ActiveMQ never removes kahadb.log files; no pending messages visible through the JSP interface; how to detect a criminal?
we have ActiveMQ 5.7.0 running on CentOS. About fifty Java programs write and consume queues, about half from the local host, and the rest are scattered across remote clients, with most of them having one consumer per process, but four with 32.
A few days ago ActiveMQ stopped deleting .log files from data / kahadb. On restart, ActiveMQ removes everything from kahadb and then removes nothing while running.

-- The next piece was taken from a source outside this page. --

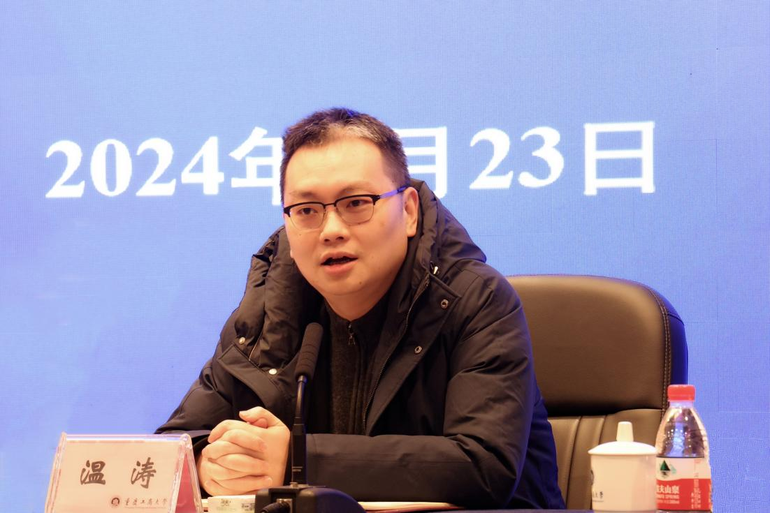 会上,校长温涛围绕寒假主要工作通报、2024年主要工作部署、开学相关工作等三个方面作讲话。温涛指出,寒假期间,校园平安、稳定、祥和,学校向寒假期间坚持辛勤工作,尤其是向全力冲刺申博、茶园新校区建设和寒假值班值守的教职工表示诚挚的感谢。2024年全校上下要团结一心、努力拼搏,奋力推动学校各项事业高质量发展。一是全力以赴冲刺博士学位授权单位,做好申博工作后半篇文章;二是大力推进茶园校区建设;三是扎实做好迎接本科教育教学审核评估工作;四是抓好人才培养改革创新,深化学科交叉融合,实现商工融合新的突破;五是以教育教学改革评价为抓手,做好人事人才制度改革和职称评审制度改革;六是做好机构改革,优化资源配置,补足短板;七是推进校院两级管理体制改革,激发多维动力活力。温涛还从认真做好学生返校及开学教育教学运行、新学期开学校园安全稳定等方面对新学期开学工作进行了强调。

No pending (that is, queued but not deleted) messages are visible through the web interface at [host]: 8161 / admin / queues.jsp. DLQ is empty and removing it does not affect the issue. (Also gleaned from the interface: all connections are active, and none is slow, no subscribers, no bridges, no scheduler.)
Following http://activemq.apache.org/why-do-kahadb-log-files-remain-after-cleanup.html I got this:
| TRACE | Last update: 236: 28401525, full set of gc candidates: [89, 90, 91, 92, 93, 94, 95, 96, 97, 98, 99, 100 <[snip]>, 236 | org.apache.activemq.store.kahadb.MessageDatabase | ActiveMQ Log Work Controller 2014-09-11 08: 50: 03,384 | TRACE | candidates for gc after the first tx: 89: 10178611,  | org.apache.activemq.store.kahadb.MessageDatabase | ActiveMQ Log Work Controller 2014-09-11 08: 50: 03,384 | TRACE | gc candidates:  | org.apache.activemq.store.kahadb.MessageDatabase | ActiveMQ Log Checkpoint worker
where db-89.log is the first log file generated after restarting ActiveMQ and db-236.log is the newest existing file.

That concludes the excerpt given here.